While other professions are making up ground, cybersecurity still lags behind in female representation, thanks to a lack of respect and inclusion.
While other professions are making up ground, cybersecurity still lags behind in female representation, thanks to a lack of respect and inclusion.
Women are usually less inclined to do more technical stuff like that, the same way men are less inclined to become nurses and hair stylists.
That’s how it’s always been.
I like high powered flashlights and usually spend an average $100 USD on a flashlight whenever I buy one. Significantly fewer women are inclined to spend that much money on a flashlight.
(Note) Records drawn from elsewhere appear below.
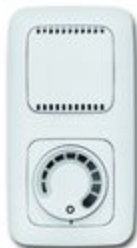
Unterputz UP 5
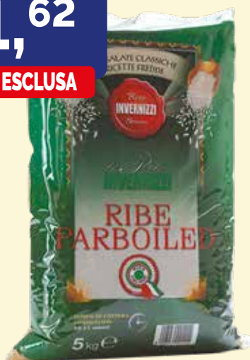
RISO RIBE PARBOILED INVERNIZZI busta Kg. 5X3
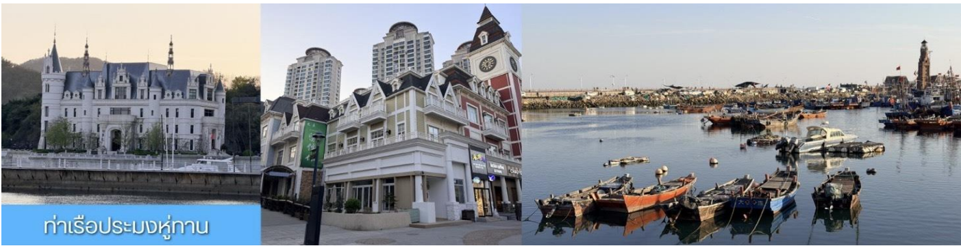
ท่าเรือประมงหู่กาน

พักที่ DALIAN JUZISHUIJING HOTEL หรือ โรงแรมระดับ 4 ดาวท้องถิ่น เมืองต้าเหลียน
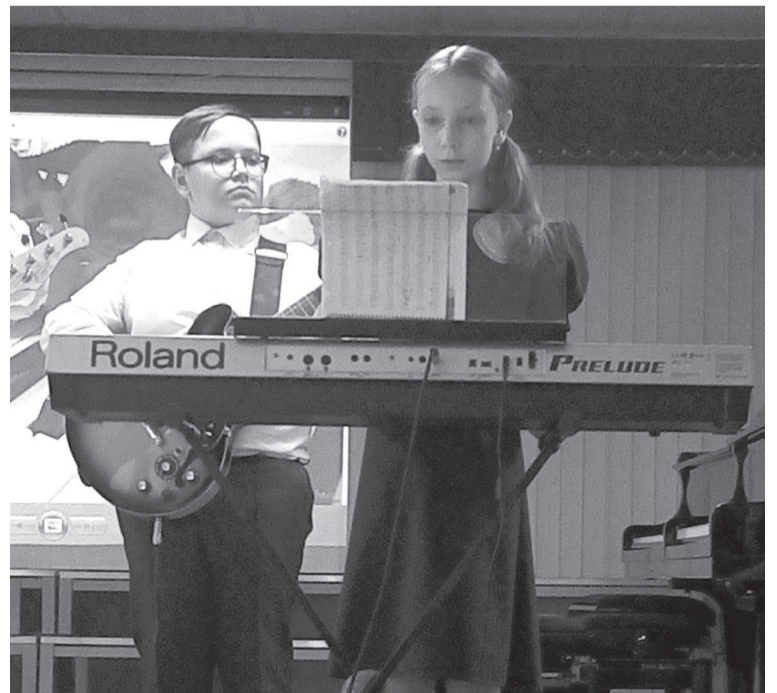
На сцене ансамбль «Орион»
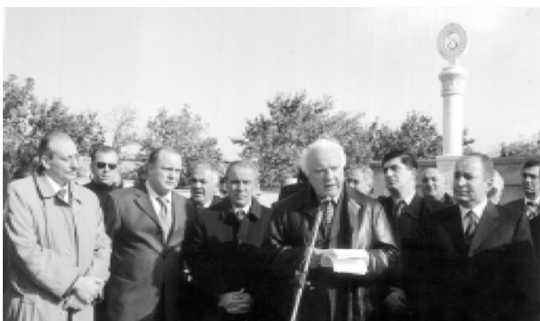
доски были доставлены из Еревана.
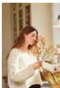
FACILE SWEATER Børstet Alpakka x2 Design 7
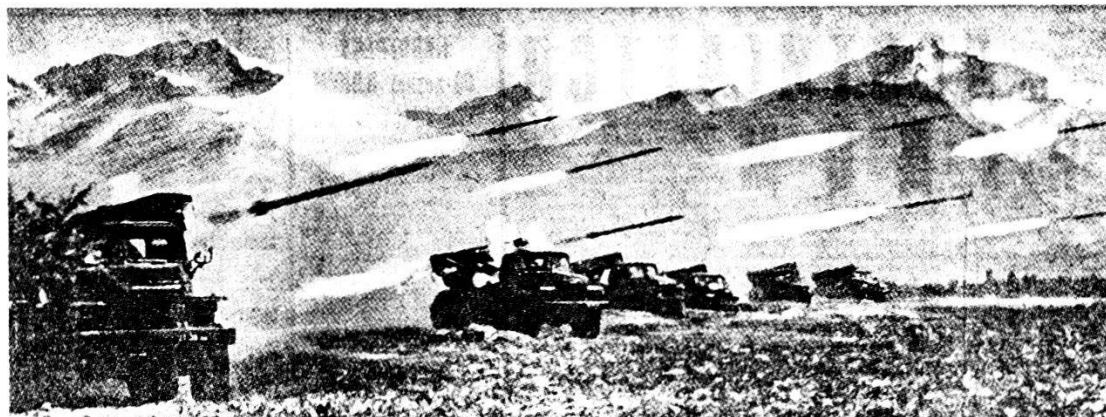
Lanciarazzi multipli 122 mm - BM_21 in posizione di tiro. Portata 11 km.

I distaccamenti di aggiramento richiedono molto tempo perciò devono essere impiegati con relativo anticipo. La loro azione a sorpresa diventa sovente determinante per il successo generale. Non è però facile penetrare nel dispositivo di difesa senza farsi notare dal nemico, anche se esistono brecce e intervalli; fanno parte dell'azione di aggiramento, attacchi simulati e fuochi di sorpresa per di-
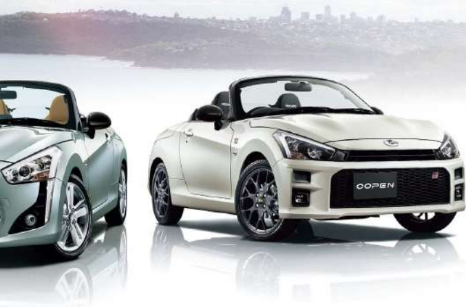
Photo: (左) Cero, ボディカラーはブリリアッシュグリーンマイカ(537), レンティンアソビバック装着車。右の型番は16インチアルミホイールはメーカーオプション。(中) Robe, 16インチアルミホイール(Race/Cero特アサイン)装着車。ボディカラーはリベロメタリック(538)はメーカーオプション。(右) GR SPORT, ボディカラーはパールホワイト(524)はメーカーオプション。

Much in the same way that most men are not inclined to spend $500 USD on a pair of shoes that you can’t walk in.
My point is, men and women are different and therefore interested in different things
Except that isn’t really true, rates of young children interested in technical fields is pretty even. Moreover, up until the 1970s and 1980s, back when computers required far more technical knowledge to operate or repair, the field was almost exclusively comprised of women outside of managerial roles.
No small part of what changed was as computers become more important to industry and wages increased, for some reason home computers and especially new applications like gaming consoles were exclusively as toys for boys, and with women being required to near universally use male pseudonyms focus and popular perception shifted from the women who silently operate the IBM mainframe to the man writing code in the basement or startup by the 90s.
Practically gender roles have a lot more to do with how a field is perceived and how often kids are told ‘no, you don’t what to do that,’ or ‘that’s weird’, and especially how well they match with the image of the expected canadate in the head of the person hireing them. Even in your own comment you mention nursing, which is a far more technical role than say doctor or surgeon.